Place 1 teaspoon whole black peppercorns in a large skillet, preferably nonstick. Cook over medium heat, shaking the pan occasionally, until fragrant and you hear the peppercorns start to crackle or roll around the pan on their own, about 3 minutes. Transfer to a bowl.
Heat 1 tablespoon unsalted butter and 1 tablespoon olive oil in the same skillet over medium heat until the butter is melted. Add the cabbage and sprinkle with ½ teaspoon kosher salt, and stir as best you can to coat the cabbage in the oil (the skillet will be full).
Cover and cook for 10 minutes, stirring halfway through. Meanwhile, finely grate 2 ounces Pecorino Romano cheese (about ¾ cup), or measure out scant ⅔ cup store-bought grated. Reserve about 2 tablespoons of the cheese for garnish.
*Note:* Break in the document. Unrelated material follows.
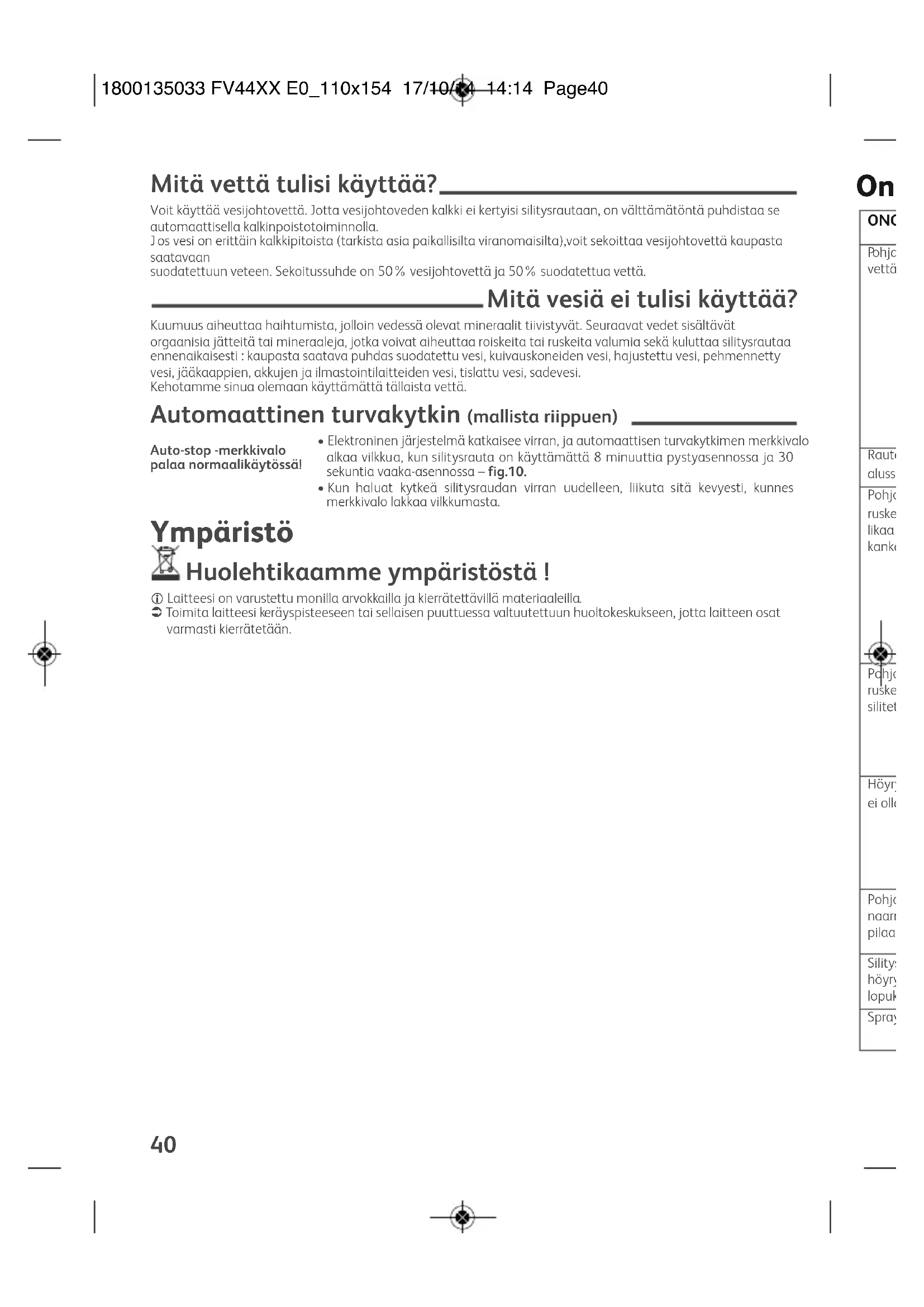 - Kun haluat kytkeä silitysraudan virran uudelleen, liikuta sitä kevyesti, kunnes merkkivalo lakkaa vilkkumasta. Ympäristö Huolehtikaamme ympäristöstä ! i Laitteesi on varustettu monilla arvokkailla ja kierrätettävillä materiaaleilla. ‹ Toimita laitteesi keräyspisteeseen tai sellaisen puuttuessa valtuutettuun huoltokeskukseen, jotta laitteen osat varmasti kierrätetään. Auto-stop -merkkivalopalaa normaalikäytössä! 1800135033 FV44XX E0_110x154 17/10/14 14:14 Page40ONGELMA MAHDOLLISIA SYITÄ RATKAISU

Coarsely crush the peppercorns with a mortar and pestle or under a heavy pan on a cutting board, or coarsely grind in a spice grinder.
Uncover the cabbage and continue to cook, stirring occasionally, until the cabbage is very soft, 5 to 8 minutes more. Turn off the heat. Sprinkle with the cheese and black pepper, and toss to coat. Garnish with the reserved 2 tablespoons cheese and serve with lemon wedges if desired.